» **WHAT YOU NEED TO DO**:
Print this span of the material below exactly: the line with "Guillermo Ortiz alertó sobre la inflación.", the line with "PRI y PAN calcularon", and every line between them, but nothing else.

» **INPUT FOR THIS TASK**:

=== Section Start ===

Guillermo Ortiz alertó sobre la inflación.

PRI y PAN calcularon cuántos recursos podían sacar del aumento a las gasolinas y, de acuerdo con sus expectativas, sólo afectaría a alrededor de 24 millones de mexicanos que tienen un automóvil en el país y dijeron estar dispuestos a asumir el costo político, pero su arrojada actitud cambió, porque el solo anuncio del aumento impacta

=== Section End ===
=== Section Start ===

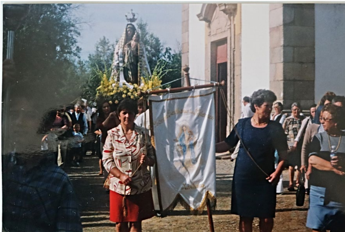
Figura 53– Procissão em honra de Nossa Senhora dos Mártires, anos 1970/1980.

=== Section End ===
=== Section Start ===

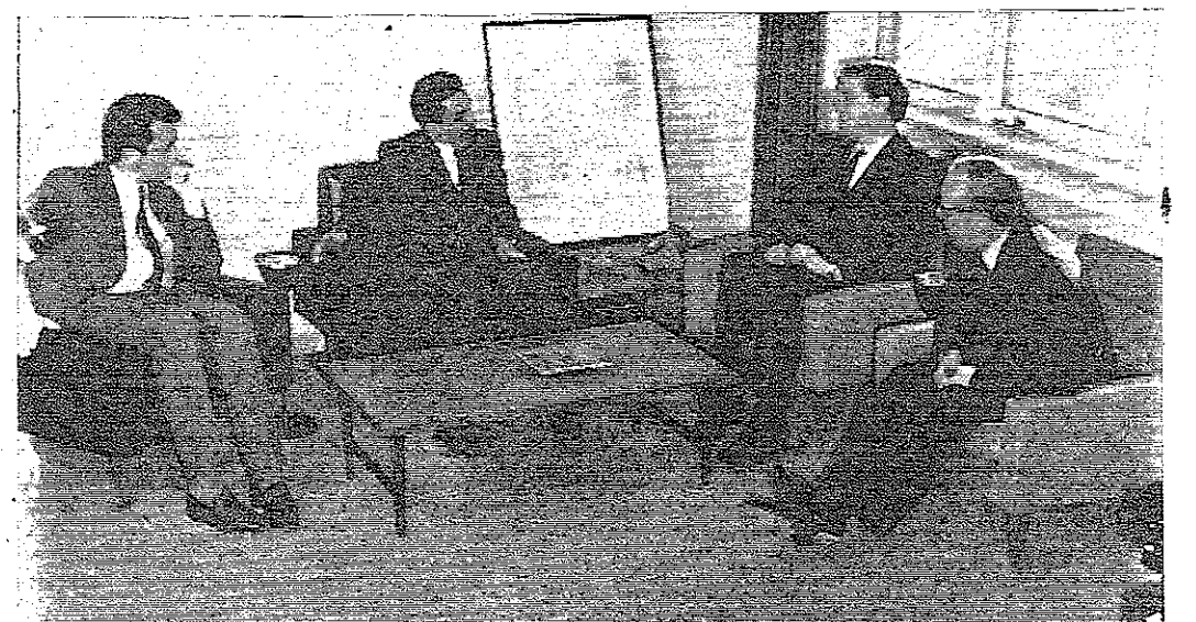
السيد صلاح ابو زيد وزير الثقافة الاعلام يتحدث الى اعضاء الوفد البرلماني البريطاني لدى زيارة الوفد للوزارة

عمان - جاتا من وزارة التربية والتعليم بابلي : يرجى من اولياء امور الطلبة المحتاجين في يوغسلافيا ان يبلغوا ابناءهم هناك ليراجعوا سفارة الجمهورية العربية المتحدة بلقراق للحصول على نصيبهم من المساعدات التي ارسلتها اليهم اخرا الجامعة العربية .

=== Section End ===

» **OUTPUT OF THE EXERCISE**:
Guillermo Ortiz alertó sobre la inflación.

PRI y PAN calcularon cuántos recursos podían sacar del aumento a las gasolinas y, de acuerdo con sus expectativas, sólo afectaría a alrededor de 24 millones de mexicanos que tienen un automóvil en el país y dijeron estar dispuestos a asumir el costo político, pero su arrojada actitud cambió, porque el solo anuncio del aumento impacta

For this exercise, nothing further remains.